When I taught them the song ‘The Wheels on the Bus Go Round and Round’, she kept on telling me that I got the words wrong. “Sweetie, it doesn’t matter if bus goes ‘bumpdy bump’ or ‘clickdy clack’ first. It’s the same song. Just go with it. Mmmkay?”. She kept on singing the version she learned. “Whatever. As long as she doesn’t pee herself.” I thought.

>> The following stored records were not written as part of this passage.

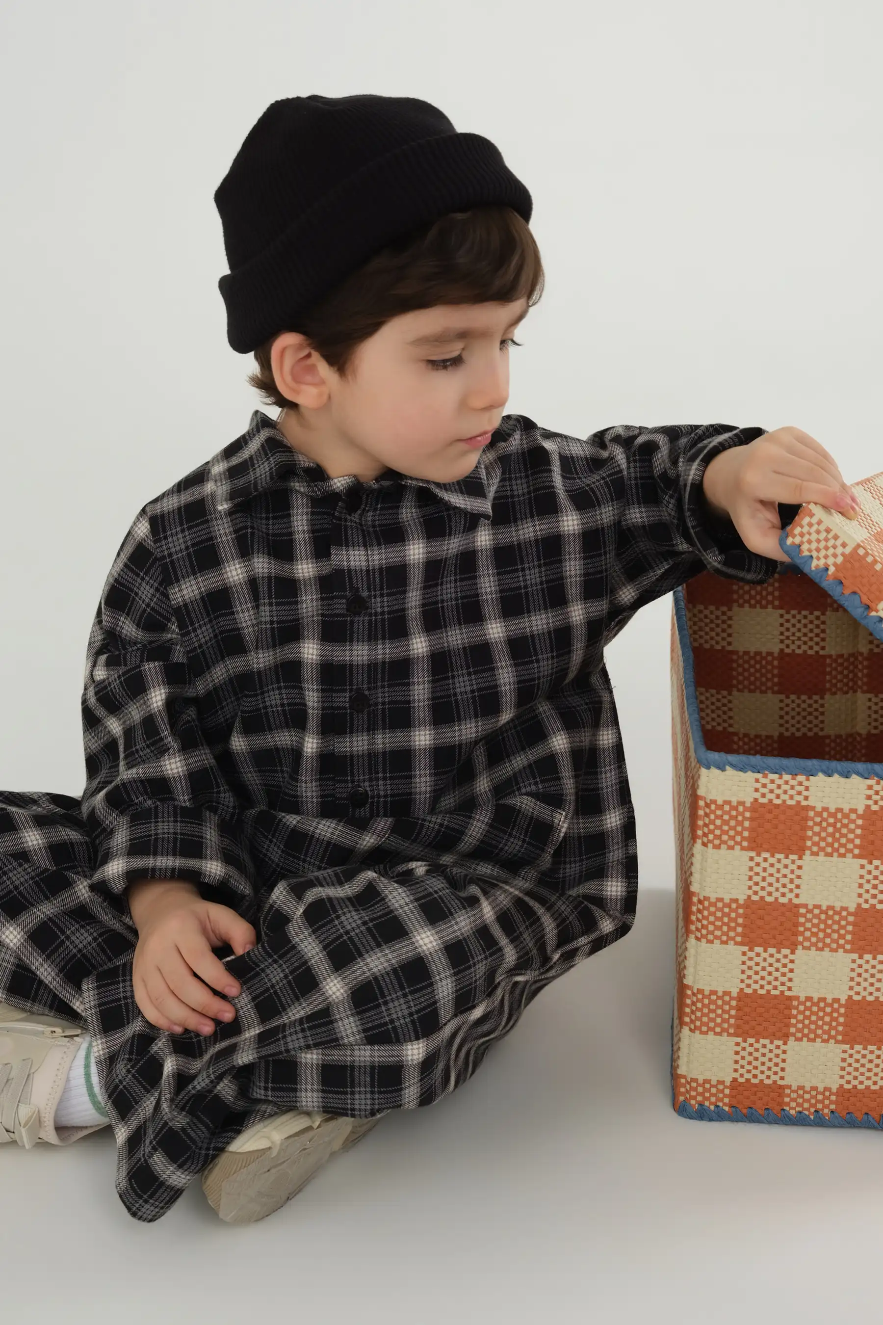 Pamuklu kumaştan üretilmiş ,ekose tulum. Önde iki adet torba cepli, yakalı, kolları manşetli, bol kalıp.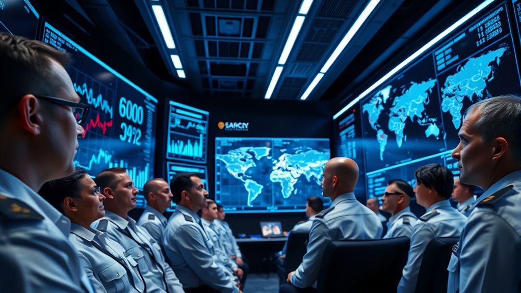 The Army now uses AI algorithms to modernize its promotion process, automating candidate screening and reducing human bias. These systems assess factors like education and job history, speeding up decisions and making them fairer by excluding personal details linked to inequality. Human reviewers still oversee the process to guarantee accuracy and fairness. As the system learns and improves, it helps identify top soldiers faster. Keep exploring to discover how this innovative approach is transforming military leadership development.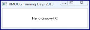 The just referenced main GroovyFX page includes a "Hello World" example. In this post, I look at an even simpler "Hello World" example using GroovyFX. After that, I look at a slightly more involved example of using GroovyFX to render a Pie Chart. Both of these are examples I intend to show at my RMOUG Training Days 2013 presentation ("Charting Oracle Database Data with JavaFX and Groovy") this coming week.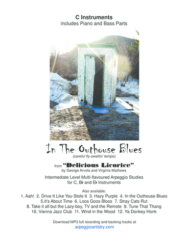 Jazz Combo - Level 4 - Digital Download SKU: A0.947495 Composed by George Arvola, Virginia Mathews. Blues,Concert,Holiday,Instructional,Standards. Score and parts. 7 pages. George Arvola and Virginia Mathews #496605. Published by George Arvola and Virginia Mathews (A0.947495). Includes piano accompaniment and bass parts. arpeggioartistry.com hosts the full recordings and complete list of fun arpeggio studies from our book, "Delicious Licorice". In the Outhouse Blues, 2:30 in length, is a relaxed 12 bar blues which explores the "outer fringes" of the standard chords. Each verse is slightly farther removed from the basic 7th chords. Roll up the newspaper and take careful aim at the flies. This product was created by a member of ArrangeMe, Hal Leonard’s global self-publishing community of independent composers, arrangers, and songwriters. ArrangeMe allows for the publication of unique arrangements of both popular titles and original compositions from a wide variety of voices and backgrounds. About Digital Downloads Digital Downloads are downloadable sheet music files that can be viewed directly on your computer, tablet or mobile device. Once you download your digital sheet music, you can view and print it at home, school, or anywhere you want to make music, and you don’t have to be connected to the internet. Just purchase, download and play! PLEASE NOTE: Your Digital Download will have a watermark at the bottom of each page that will include your name, purchase date and number of copies purchased. You are only authorized to print the number of copies that you have purchased. You may not digitally distribute or print more copies than purchased for use (i.e., you may not print or digitally distribute individual copies to friends or students).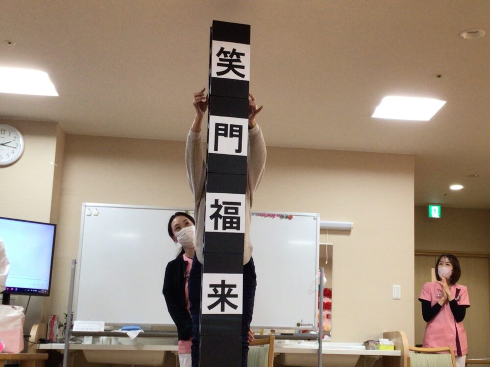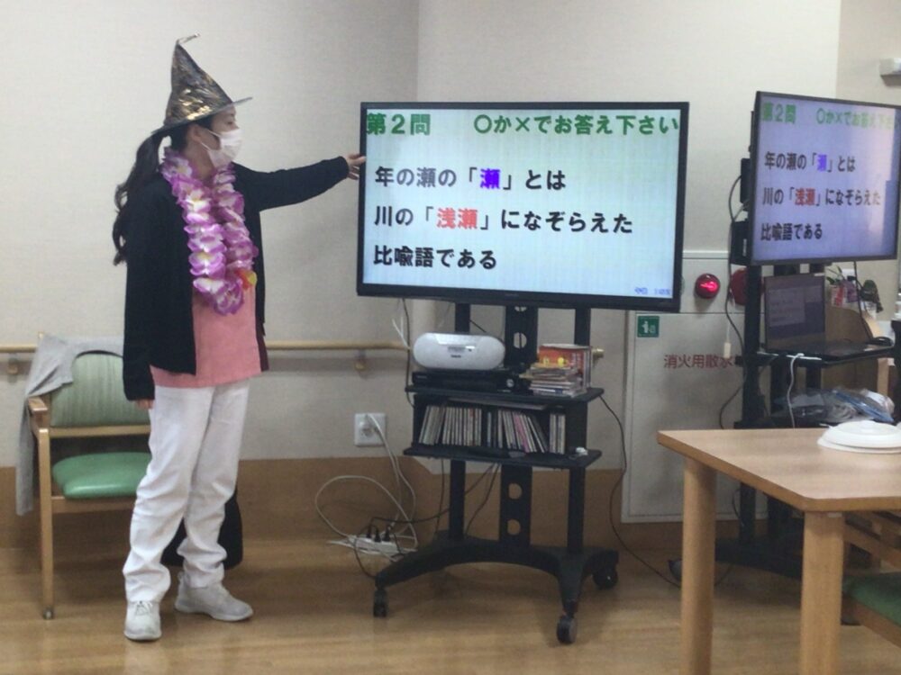 年の瀬にまつわるクイズを画面に映し出します。問題の解答は「〇」「×」の2択制となっております。お客様には「〇」「×」プレートにて回答していただきました。司会はナースの2人です。「年の瀬ガールズ」というステージネームで楽しく進行しました。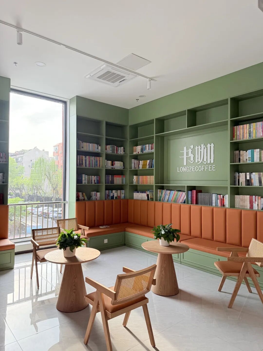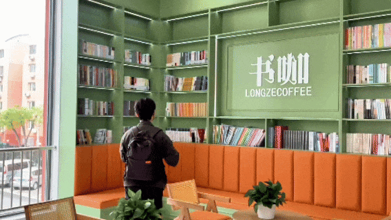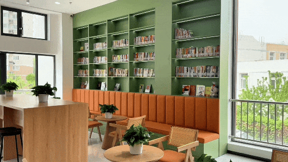 另一边的书咖则成为了年轻人争相打卡的网红机位,清新的果绿色与原木色的装修风格,一改传统冰冷的灰白色调,洋溢着年轻的现代气息。正值四月,落地窗外满目翠绿,坐在靠窗的位置捧书阅读,阳光倾泻而下,是一种独一无二的享受。

The One Who was in Love with Me
After a couple of weeks at the school I realised that I saw this Six Grader way too frequently. At least once in the morning, once during recess and two to three times during lunch. When I turn a corner there he would be. He would stand tall, raise his hand, gave me a small wave and said “Hello Teacher!” He always said the same thing. Always the same wave. I found it utterly amusing and I would always laugh a little when I saw him. I think he took it as a sign that I liked him back because near the end of the school year I found him lurking near my apartment building. Not sure if cute or creepy.
The Devil Child
I should have known that there was something seriously wrong because as soon as I arrived, the home room teacher shot out without saying a word to me. She was the smallest girl in grade one. She had a baby doll face with beautiful round eyes. She was an angel, until she didn’t get her way. When she was displeased her eyes would fill with malice. She would ball her hands into little fists of fury, scream and run around the class like a deranged Velociraptor. She punched me with her steely little fists more than once. The beating I could take. But that scream! That horrid high-pitch scream that made all me feel like all my brain cells would burst. Her class learned nothing and watched a lot of Tom and Jerry. I was at the mercy of the Devil Child. I did her bidding.